Documentation Center

Understanding repetitions

Some content may be reused within an asset and across a collection of assets. The translation of duplicated content should not result in the same translation cost as for the original content. Arguably, the content should not incur a translation cost at all, provided the translation of the original instance is readily available and appropriate for the new context of translation. However, the cost issue is beyond the scope of translation memory technology. Instead, the translation memory technology enables such cost discussions to be had by supporting and exposing a concept of repetitions.

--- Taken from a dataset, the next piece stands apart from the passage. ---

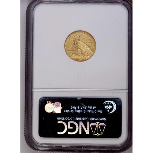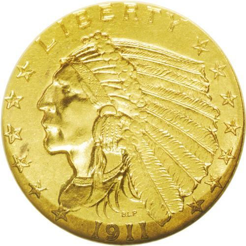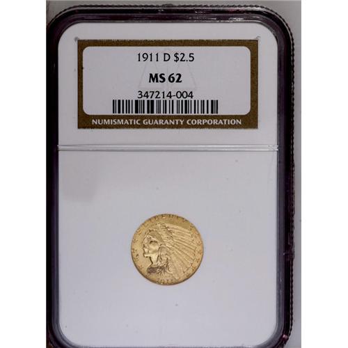 <B>1911-D<$2 1/2> MS62 NGC.</B></I> Some examples of this important 20th century gold issue are so poorly impressed that the all-important D mintmark is not discernible. The present example, on the other hand, is boldly detailed throughout with a readily evident mintmark. Both sides are a medium yellow-gold, although select angles reveal delicate tan-gold overtones here and there. There are few abrasions of any size, an uncommon feature for an Indian quarter eagle at the BU level, and certainly none that are worthy of special consideration. The 1911-D records the lowest mintage (55,680 pieces) in this series, and it is the undisputed key.

The repetition calculation process identifies and counts repetitions across segments that cannot be fully leveraged by the TM. This means that both ICE and 100% matches are not included in the repetition counts. The idea is that ICE matches do not need to be reviewed at all, and represent no translation cost. 100% matches often do not incur a translation cost, depending on the vendor. At most, the customer may decide to have these 100% (non-ICE) matches reviewed, and the customer would be charged some minimal amount.

The motivation behind repetition counting is to reduce translation cost for the customer by preventing them from being charged full price for identical segments that must be translated. The first occurrence of a duplicated segment is considered the original or repeated segment, and it is scoped as normal. This means that the word count for the repeated segment will be attributed to the fuzzy match bucket representing the best TM fuzzy match for the segment, and thus will incur a translation cost relative to the translation effort. Subsequent occurrences of the segment are referred to as repetition segments. The word count for repetition segments are placed in the scoping bucket for repetitions. For example, if the segment "Oh what a beautiful morning" containing five words was repeated five times in an asset or set of assets, then the first occurrence would be scoped normally, and the additional occurrences (collectively containing 20 words) would be placed in the repetition bucket provided that they cannot be fully leveraged by the TM.